The Victorian explorer Richard Burton was the first European to enter
Harar, which is the fourth holiest city in the Muslim world. He did so
in disguise, and had he been discovered he would have been executed on
the spot. Today, Harar is a far friendlier place. It is a completely
walled city, which you enter by one of the large wooden gates, and is
known for its markets, traditional round two-storey houses, intricate
and colourful basketware. Every evening, you can see the hyena man
feeding these ugly looking animals outside the city walls.

Although Ethiopia can't compete with Kenya and Tanzania when it comes to
big game, it boasts many national parks that are among the most
beautiful in east Africa. These include the Simien mountains (right),
another world heritage site and a trekker's paradise with stunning vistas; the
Bale mountains national park; and the Nechisar national park, or White
Sands national park, which gets its name from the colour the midday sun
turns the savannah plains. They are all different but have something in
common that anyone who has been herded around in a convoy of buses on a
Kenya or Tanzania safari will appreciate - chances are you won't see
another soul.

But for real solitude head south to the Omo valley, home to the least
visited peoples on the African continent. These include the
lip-plate-wearing Mursi people and the animist Konso and the Hamer,
whose way of life has not changed for centuries.

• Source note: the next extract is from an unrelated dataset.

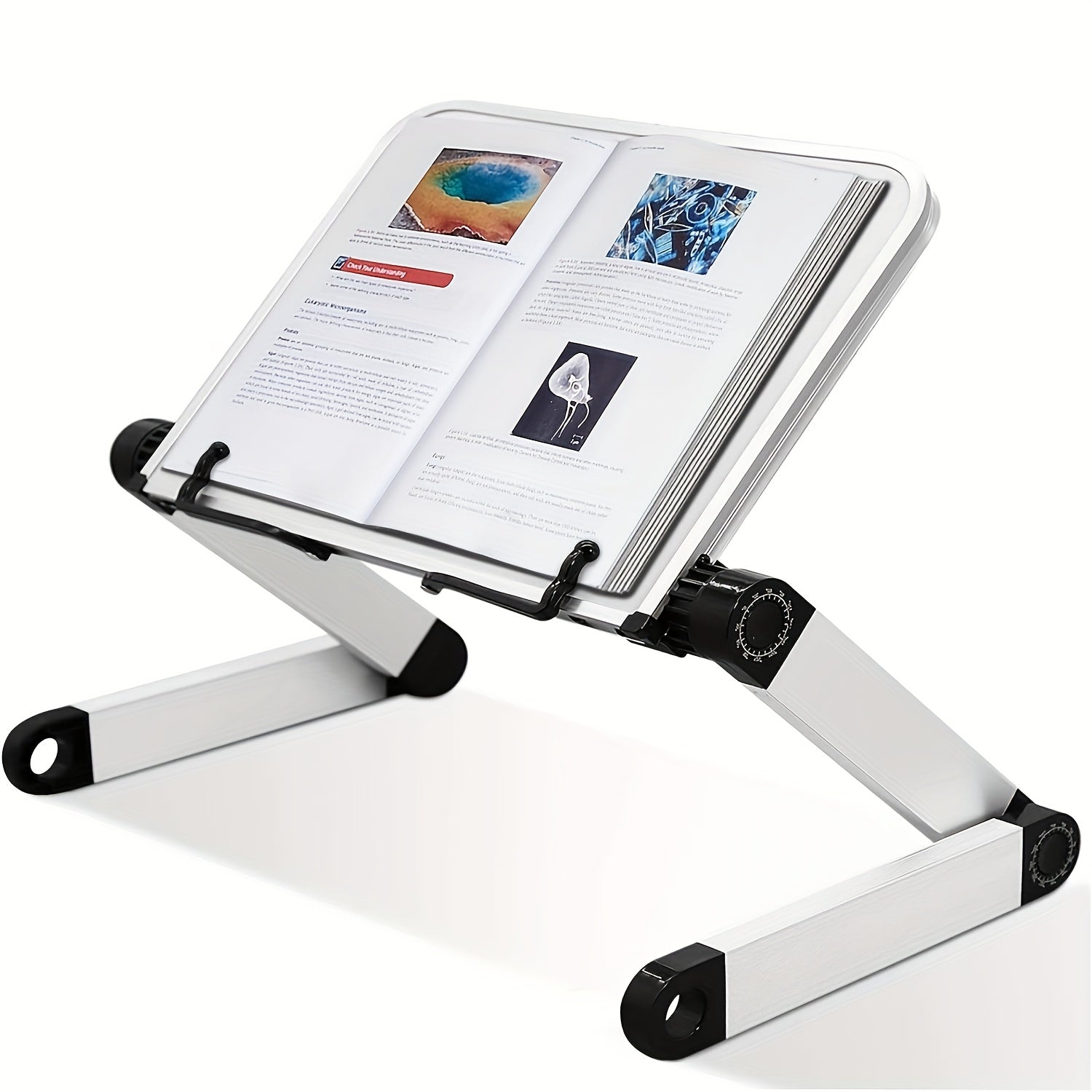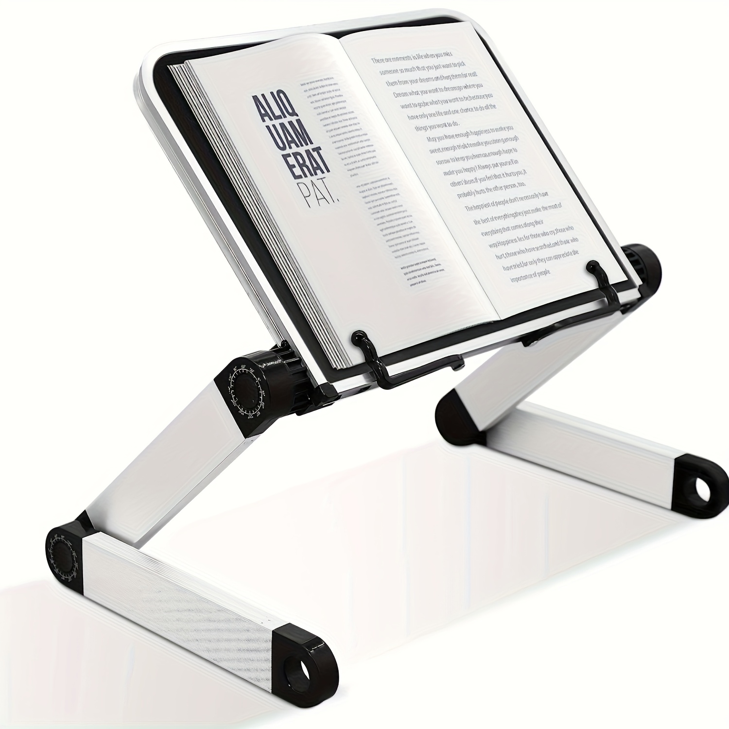 Klicka hem Justerbart Aluminium Bokställ med Klämmor nu och gör läsning och arbete både bekvämare och mer organiserat.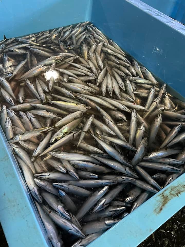 サバ、水カマス、うるめいわし、小むつ、小ソウダガツオ、その他少々です。

Wherever you go in Ethiopia, there's little chance of avoiding Addis
Ababa. And why should you? Addis is one of Africa's most surprising and
cosmopolitan capital cities. Highlights include the National Museum
where you can see Lucy, the oldest, most complete skeleton of a hominid
- providing a link between man and ape - ever found. She was discovered
near Hader in north-east Ethiopia and named after the Beatles' Lucy In
The Sky With Diamonds, which was popular at the time.

The Institute of Ethiopian Studies, housed in a former palace of Haile   
Selassie, is an ethnographic museum that brings the art and culture of
many of the peoples of Ethiopia together under one roof. And the
absolute must-see attraction is the guided tour of Mercato (right), reputedly
the largest open air market in Africa. On Saturdays, it seems as if the
whole country has descended on it, and everything imaginable is for sale.

Because Addis Ababa is the diplomatic capital of Africa a number of top
quality restaurants have sprung up to serve the needs of the visiting
diplomats and politicians. You will be faced with a choice of Chinese,
Indian, Thai, Korean, French, Italian, Armenian and even American-style
burger bars. Not to mention traditional Ethiopian restaurants where the
hot spicy main dishes, called wat, are served on top of injerra, the
traditional pancake that is served with everything.                                              photos: Sam Packer

Addis also boasts the Sheraton Addis, which has been voted the most
luxurious hotel in Africa for the last four years, and which wouldn't
look out of place on the Las Vegas strip. But then that's Ethiopia for
you - it's not at all what you'd expect.